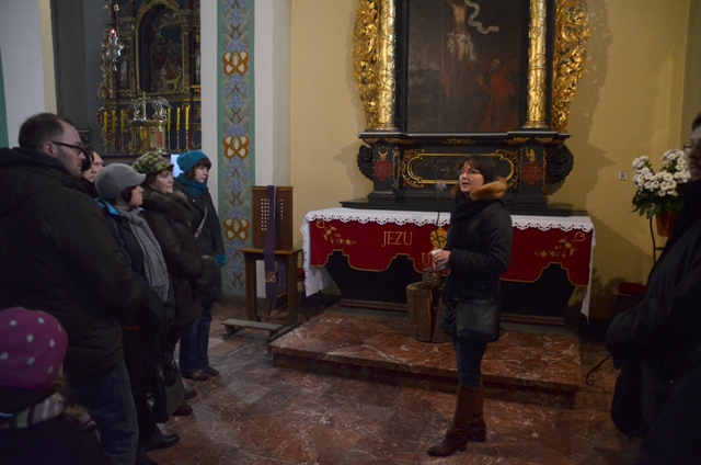 Kościerskimi „śladami Remusa” poprowadziła Beata Jankowska. Mimo zimowej aury uczestników zwiedzania nie zabrakło i na kościerskim rynku o godz. 14.00 pojawiło się ponad 20 osób. Podążanie śladami Remusa rozpoczęło się od Sanktuarium Matki Bożej Kościerskiej Królowej Rodzin w kościele p.w. Świętej Trójcy, w którym Beata Jankowska opowiedziała historię cudownego obrazu Matki Bożej Śnieżnej. Następnie uczestnicy mieli okazję poznać między innymi historię ołtarza głównego, ołtarza ukrzyżowania Jezusa Chrystusa jak i innego wyposażenia świątyni oraz historię kościerskiej parafii i jej duszpasterzy.
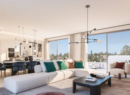 New Development: Prices from 650,000 € to 1,450,000 €. [Beds: 2 - 3] [Baths: 2 - 3] [Built size: 103.00 m2 - 200.00 m2] A spectacular project of 34 amazing apartments and penthouses, of 2, 3 and 4 bedrooms, in a perfect location, for you to enjoy the Mediterranean lifestyle. This magnificent 4 bedrooms duplex welcomes us in a superb entrance hall that gives access to the generously sized living room connected with a modern open plan kitchen that have been superbly equipped with top-of-the-line appliances, on this level there are 2 bedrooms and in the upper level there are another 2 bedrooms en suite. The terrace of the property enjoys beautiful views over the Guadalmina golf course. The urbanization will have pleasant communal spaces such as a swimming pool, landscaped gardens, Co-Working space and fitness area. The complex, which will be completely gated, will also have permanent surveillance cameras and concierge service. In addition, this magnificent project is located within a short distance from San Pedro de Alcántara, in Marbella, Welcome to your New Home!
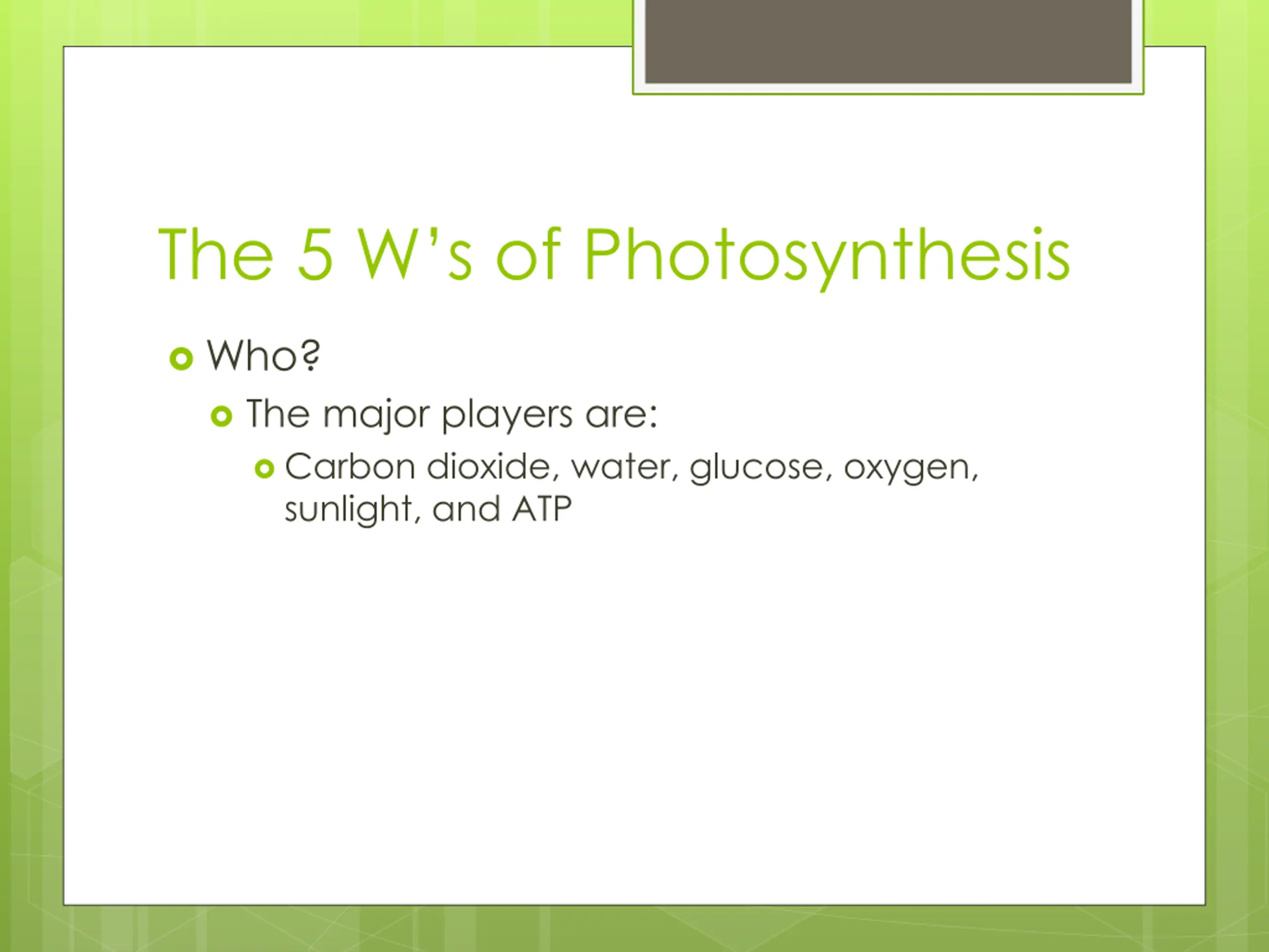 The 5 Ws of Photosynthesis Who? The major players are: Carbon dioxide, water, glucose, oxygen, sunlight, and ATP

** WORK INSTRUCTIONS **
Write out an exact copy of the listing, first line through the line containing "New Development: Prices", with the pictures left out.

** YOUR RESPONSE **
 Kościerskimi „śladami Remusa” poprowadziła Beata Jankowska. Mimo zimowej aury uczestników zwiedzania nie zabrakło i na kościerskim rynku o godz. 14.00 pojawiło się ponad 20 osób. Podążanie śladami Remusa rozpoczęło się od Sanktuarium Matki Bożej Kościerskiej Królowej Rodzin w kościele p.w. Świętej Trójcy, w którym Beata Jankowska opowiedziała historię cudownego obrazu Matki Bożej Śnieżnej. Następnie uczestnicy mieli okazję poznać między innymi historię ołtarza głównego, ołtarza ukrzyżowania Jezusa Chrystusa jak i innego wyposażenia świątyni oraz historię kościerskiej parafii i jej duszpasterzy.
 New Development: Prices from 650,000 € to 1,450,000 €. [Beds: 2 - 3] [Baths: 2 - 3] [Built size: 103.00 m2 - 200.00 m2] A spectacular project of 34 amazing apartments and penthouses, of 2, 3 and 4 bedrooms, in a perfect location, for you to enjoy the Mediterranean lifestyle. This magnificent 4 bedrooms duplex welcomes us in a superb entrance hall that gives access to the generously sized living room connected with a modern open plan kitchen that have been superbly equipped with top-of-the-line appliances, on this level there are 2 bedrooms and in the upper level there are another 2 bedrooms en suite. The terrace of the property enjoys beautiful views over the Guadalmina golf course. The urbanization will have pleasant communal spaces such as a swimming pool, landscaped gardens, Co-Working space and fitness area. The complex, which will be completely gated, will also have permanent surveillance cameras and concierge service. In addition, this magnificent project is located within a short distance from San Pedro de Alcántara, in Marbella, Welcome to your New Home!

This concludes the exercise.